I work in the Center for Science, Technology and Society (CSTS) at Santa Clara University. Our mission at CSTS is to research and promote the use of science and technology for the common good.
My main current research interests
are in the field of
classification and standardization: in particular asking how these
play into the development of scientific cyberinfrastructure. My recent Memory Practices in the Sciences looks at information infrstructures and storytelling in a science over the past two hundred years.
It looks at geology in the 1830s, cybernetics in the 1950s and environmental sciences today - weaving together their information infrastructure and the stories that they tell about their objects. My next book after that - How to Read Databases - is coming slowly along.
My work on information infrastructure involves looking at shifting
classification systems in medicine, distributed collaborative work
practices in environmental science, data sharing practices and biodiversity informatics.
My central analytic
question here is how scientists in the various sciences contributing to
the subject of biodiversity communicate both with
each other and with
policymakers - and in particular how do the data structures and practices
in use affect this communication. Here is an interview with
me about classification and infrastructure. Here is
a paper
written with Marc Berg on medical records; and here is one written with
Leigh Star on classification, standards and
actor-network theory. Here is a more complete set of papers.

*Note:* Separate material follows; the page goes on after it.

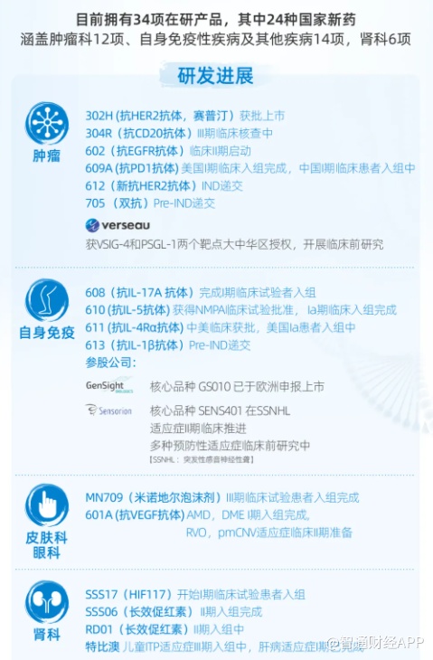 据智通财经APP了解,三生制药目前已在靶点覆盖和研发进度上走在行业前列。正如上文提到,其创新研发管线不仅对众多热门靶点进行了较为全面的覆盖,对当前国内行业尚未过多涉及的白介素系列靶点的研究也处于第一梯队。预计12个月内将有多个具备同类首创或同类最优潜力的在研产品在中美提交临床申请。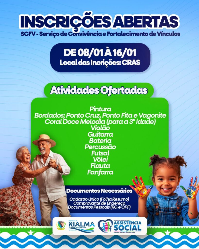 Além da programação recreativa, a Secretaria também realizará, durante o evento, inscrições para o SCFV – Serviço de Convivência e Fortalecimento de Vínculos, oferecendo oportunidades de participação em atividades culturais, esportivas e educativas para diferentes faixas etárias, incluindo o público da terceira idade.

My main current project is on Interoperability in all its forms. The main site is best for papers and such, but there is an interoperable pdf file describing some of the work and an operable set of nuggets on this site.
My book on information
management and industrial geophysics at Schlumberger, Science
on the Run, is to be found in quality bookshops in airports
everywhere; my book with Susan Leigh Star, Sorting Things Out: Classification and its
Consequences was published by MIT Press in October,
1999 and is available at your neighbourhood online bookseller. A
paperback version came out in September 2000. I am working right now
(even as you are reading this) on distributed scientific work, with an emphasis on social and organizational features of emerging scientific cyberinfrastructures. I am on the editorial board of The Information Society, Information and Organization, Metascience and Social Studies of Science.